Exercise goal
The listing is to be returned word for word, without its images.
START Information supplied
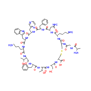 CC(C1C(=O)NC(C(=O)NC(C(=O)NC(C(=O)NC(CSSCC(C(=O)NC(C(=O<br />)NC(C(=O)NC(C(=O)NC(C(=O)NC(C(=O)NC(C(=O)N1)CCCCN)CC2=C<br />NC3=CC=CC=C32)CC4=NC=CN=C4)CC5=CC=CC=C5)CC(=O)N)CCCCN)N<br />C(=O)CNC(=O)C(C)N)C(=O)O)CO)C(C)O)CC6=CC=CC=C6)O
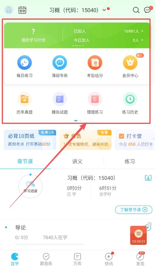 2、于首页处寻得“我的学习计划”,在此可参与每日练习中的薄弱专练,亦能做做历年真题,并且能够查看自身学习进度与总学时。
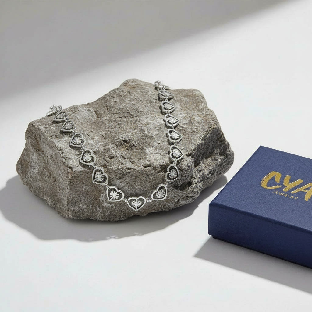 צמיד לבבות כסוף דק ונסיכותי בצבע כסף או זהב
END Information supplied
Task result
 CC(C1C(=O)NC(C(=O)NC(C(=O)NC(C(=O)NC(CSSCC(C(=O)NC(C(=O<br />)NC(C(=O)NC(C(=O)NC(C(=O)NC(C(=O)NC(C(=O)N1)CCCCN)CC2=C<br />NC3=CC=CC=C32)CC4=NC=CN=C4)CC5=CC=CC=C5)CC(=O)N)CCCCN)N<br />C(=O)CNC(=O)C(C)N)C(=O)O)CO)C(C)O)CC6=CC=CC=C6)O
 2、于首页处寻得“我的学习计划”,在此可参与每日练习中的薄弱专练,亦能做做历年真题,并且能够查看自身学习进度与总学时。
 צמיד לבבות כסוף דק ונסיכותי בצבע כסף או זהב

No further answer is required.